Cummings wrote that after speaking directly with Snyder, Chaffetz stated that one reason not to request documents from him is because he might claim executive privilege over his communications—directly contradicting commitments Snyder made in his State of the State address on January 19, 2016.

"Although I was not a part of your conversation with Governor Snyder," Cummings wrote, "any claim of executive privilege to withhold documents from Congress would be a surprising turn of events that directly contradicts the Governor's own promises of accountability to the people of Michigan."

"It is difficult to understand how Governor Snyder's public claims of accountability would be consistent with an assertion of executive privilege over the documents we requested last month," Cummings added. "Instead of withholding our request for documents based on the possibility that Governor Snyder may assert executive privilege, the Committee should make the request and allow the Governor to respond himself."

Cummings also noted that Chaffetz previously sent sweeping document requests to the Democratic Governor of Oregon as part of the Committee's year-long investigation into that state's healthcare exchange under the Affordable Care Act, and the Governor's office has produced thousands of pages of emails and other documents in response.

"By declining to send any document request at all to Governor Snyder, the Committee is creating the perception of a double-standard in which it requests documents from a Democratic governor, but not from a Republican governor," Cummings wrote. "There is no legitimate basis for treating governors differently based on their political parties, and I believe the Committee should insist on the same level of compliance from the Republican Governor of Michigan that it has required of the Democratic Governor of Oregon."

Cummings also rejected claims that the Committee should not request documents from Snyder because his productions in response to public records requests have been sufficient.
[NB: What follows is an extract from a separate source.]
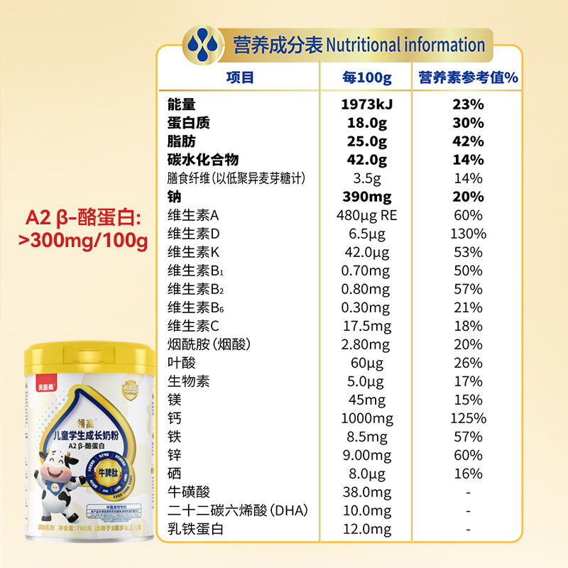 贝因美儿童成长学生奶粉A2β酪蛋白高钙赖氨酸青少年高个子700g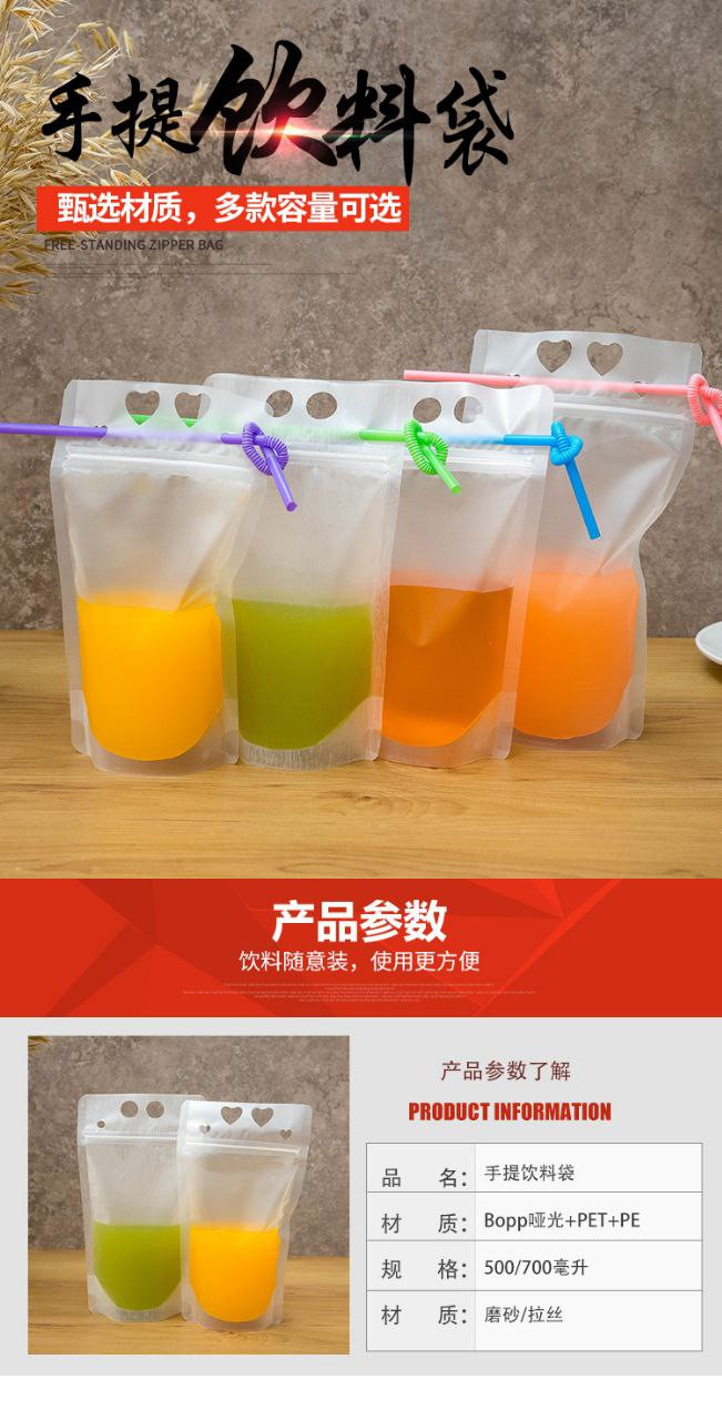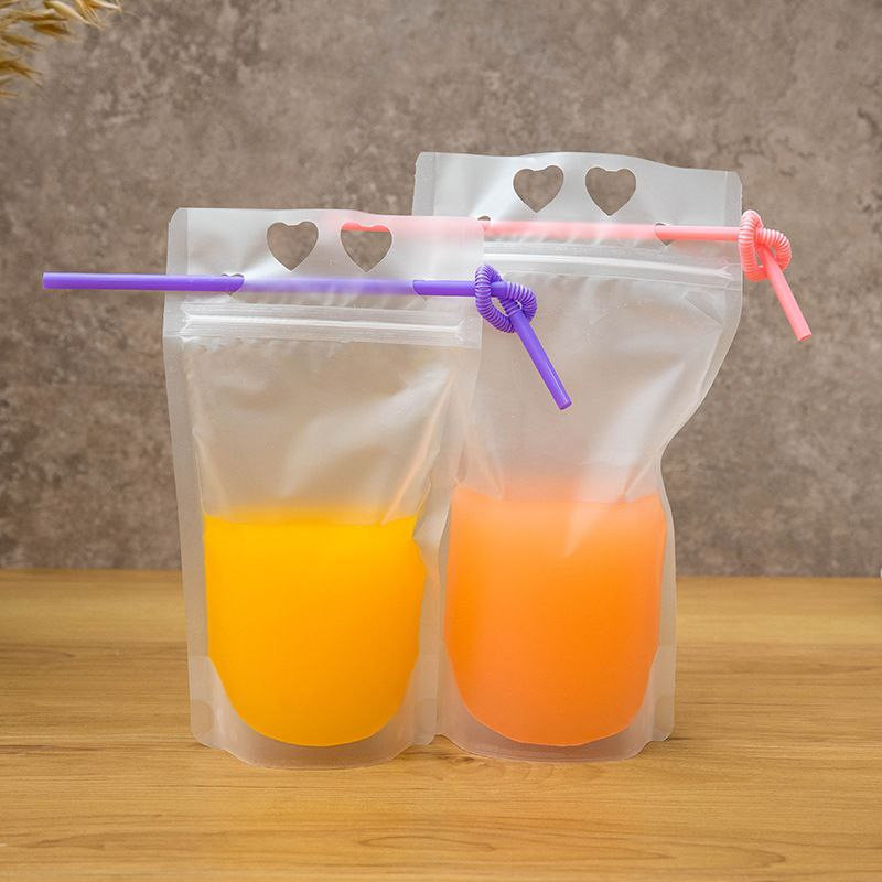 Sac de boisson jetable givré Transparent amour trou rond sac d'emballage liquide Portable

As Cummings wrote, "his document disclosures in response to FOIA and other requests have been only a selective subset of documents that he has chosen to release—not a comprehensive response to a request from Congress."

"[W]hen the Committee declines to send any document request to Governor Snyder, this inaction undermines our ability to investigate this crisis and creates an unfortunate and unnecessary perception of partisanship," Cummings wrote. "The Committee has never accepted this practice as an adequate standard of investigation, and we should not do so now. Governor Snyder and his staff are central figures in the decision-making process that led to the poisoning of Flint residents, and the Committee owes it to these residents to conduct a comprehensive and bipartisan investigation."